During his time in the army, Charles’s only misdemeanour appears to have been to go absent without leave. His ‘Company Conduct Sheet’, Army Form B122, gives his service number, 359411, his name, and that, at the time, he was serving in the Royal Engineer, Signals section. It then goes on to report that, on 25th February 1919, he was ‘Absent Without Leave’ from 12 o’clock (mid-day) until he was caught and ordered to return to his unit, by the Military Police, at 22 minutes to 11 o’clock in the morning of the following day (26th February 1919)

 His punishment was that, instead of a trial, he was to forfeit two days pay and to be confined to barracks for seven days.

According to his records, he was 5ft 7inches tall with a 34 inch chest, when fully expanded.

The “1st Southern General Hospital” in Birmingham was just one of many large military hospitals that were developed to treat the flood of casualties coming back to Britain from the war fronts and the training centres in the United Kingdom.

 However, interestingly, his records say that he was taken to “first Southern General Hospital, King’s Heath Inst. Birmingham”. The “Inst.” must refer to the “Kings Heath Institute”, which was built in 1878 and became the centre of life in the community for many years. It housed a library, assembly room and lecture theatre, hosted functions, dances and was the base of many societies such as drama and opera.
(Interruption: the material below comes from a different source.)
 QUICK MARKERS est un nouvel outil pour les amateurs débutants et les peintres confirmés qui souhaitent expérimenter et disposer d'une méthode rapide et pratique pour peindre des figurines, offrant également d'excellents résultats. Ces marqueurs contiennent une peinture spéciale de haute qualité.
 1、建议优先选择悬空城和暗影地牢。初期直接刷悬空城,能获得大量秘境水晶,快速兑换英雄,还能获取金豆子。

Woolworths leased the ground floor in the 1930s and the building was demolished in the 1970s to make room for a new Woolworths shop ; “Institute Road” is the only reminder of its location.
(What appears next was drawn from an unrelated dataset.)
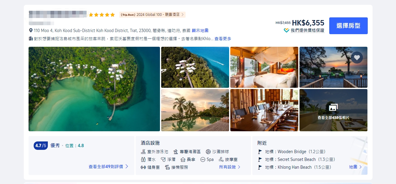 在本港旅行平台可見,該酒店屬泰國頂奢酒店,坐落在泰國沽島,2009年開業,客房數量共有33棟私人別墅,還有一家可以在樹上用餐的全球知名餐廳,房間價格由6355港元至46151港元不等。酒店提供曼谷到素萬納普機場來回的私人小飛機收費接送服務;還提供素萬納普機場到碼頭的私人收費接送機服務,及碼頭到酒店的私人快艇服務。

 So far, however, no evidence has been found that the Institute was converted into a hospital and that that was where Charles went.
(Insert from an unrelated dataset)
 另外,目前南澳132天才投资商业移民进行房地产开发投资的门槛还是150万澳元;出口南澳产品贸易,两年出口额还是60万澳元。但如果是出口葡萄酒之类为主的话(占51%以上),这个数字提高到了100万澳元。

 The Bexhill Observer, dated 18th January 1919, reports as follows: –


 “Sapper C. G. Blundell, Royal Engineers, whose home is at 52, Parkhurst-road, was gassed when acting as medical orderly, and has been undergoing treatment in hospital at Birmingham. He is progressing, and was able to come home at Christmas.”

 Other Burials

Buried with Charles, in the same plot (EEE14), are his wife, Daisy Lydia Blundell, who died on 15th June 1976, and his daughter, Betty Lydia Beaney, died 18th June 1996, aged 80.

Strangely enough, there is no record of Betty Lydia Blundell marrying anyone but, from the original indexes, there is a Cicely W. D. Blundell marrying a Frederick G. Beaney, in 1934, in the district of Battle – unfortunately, Frederick, from the same original documents actually appears to have married Cicely W. Dawson-Blundell (that’s what the ‘D’ stood for –Dawson). Searching for a marriage of a Dawson to a Blundell, however, came up with nothing – it’s a tantalizing mystery!

There are also, in the Bexhill Cemetery records: –

 Susannah Blundell, who died on 30th March 1926 and is buried in Plot BEF07.

Mary Blundell, who died on 11th March 1942 and is buried in Plot DCC18

These do not seem to be related to Charles Blundell but they might be.